RECORDS FOR PROCESSING.
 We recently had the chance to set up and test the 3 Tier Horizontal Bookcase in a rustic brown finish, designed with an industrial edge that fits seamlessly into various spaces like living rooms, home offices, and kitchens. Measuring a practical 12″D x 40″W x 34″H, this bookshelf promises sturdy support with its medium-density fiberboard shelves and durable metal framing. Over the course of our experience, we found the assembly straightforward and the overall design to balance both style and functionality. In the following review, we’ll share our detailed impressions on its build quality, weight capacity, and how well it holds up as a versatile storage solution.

--

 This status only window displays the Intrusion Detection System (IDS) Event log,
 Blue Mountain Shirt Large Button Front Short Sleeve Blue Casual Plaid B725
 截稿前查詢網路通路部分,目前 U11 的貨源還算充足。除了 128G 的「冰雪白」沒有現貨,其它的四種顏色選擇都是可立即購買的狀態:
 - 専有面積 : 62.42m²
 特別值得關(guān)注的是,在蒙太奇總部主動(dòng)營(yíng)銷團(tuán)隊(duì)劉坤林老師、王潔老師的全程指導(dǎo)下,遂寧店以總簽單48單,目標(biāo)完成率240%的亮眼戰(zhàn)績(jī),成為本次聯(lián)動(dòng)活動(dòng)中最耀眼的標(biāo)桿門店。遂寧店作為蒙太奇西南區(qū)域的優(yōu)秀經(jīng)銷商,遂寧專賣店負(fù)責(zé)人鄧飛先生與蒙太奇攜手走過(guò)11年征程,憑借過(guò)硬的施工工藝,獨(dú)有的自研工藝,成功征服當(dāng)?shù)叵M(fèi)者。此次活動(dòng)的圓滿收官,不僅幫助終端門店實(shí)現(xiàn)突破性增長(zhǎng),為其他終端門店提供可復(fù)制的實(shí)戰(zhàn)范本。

PROBLEM DETAILS.
Please reproduce the lines from the line with "截稿前查詢網路通路部分,目前 U11 的貨源還算充足。除了" to the line with "特別值得關(guān)注的是", both ends included, exactly as they appear above.

SOLUTION FOR THIS EXERCISE.
 截稿前查詢網路通路部分,目前 U11 的貨源還算充足。除了 128G 的「冰雪白」沒有現貨,其它的四種顏色選擇都是可立即購買的狀態:
 - 専有面積 : 62.42m²
 特別值得關(guān)注的是,在蒙太奇總部主動(dòng)營(yíng)銷團(tuán)隊(duì)劉坤林老師、王潔老師的全程指導(dǎo)下,遂寧店以總簽單48單,目標(biāo)完成率240%的亮眼戰(zhàn)績(jī),成為本次聯(lián)動(dòng)活動(dòng)中最耀眼的標(biāo)桿門店。遂寧店作為蒙太奇西南區(qū)域的優(yōu)秀經(jīng)銷商,遂寧專賣店負(fù)責(zé)人鄧飛先生與蒙太奇攜手走過(guò)11年征程,憑借過(guò)硬的施工工藝,獨(dú)有的自研工藝,成功征服當(dāng)?shù)叵M(fèi)者。此次活動(dòng)的圓滿收官,不僅幫助終端門店實(shí)現(xiàn)突破性增長(zhǎng),為其他終端門店提供可復(fù)制的實(shí)戰(zhàn)范本。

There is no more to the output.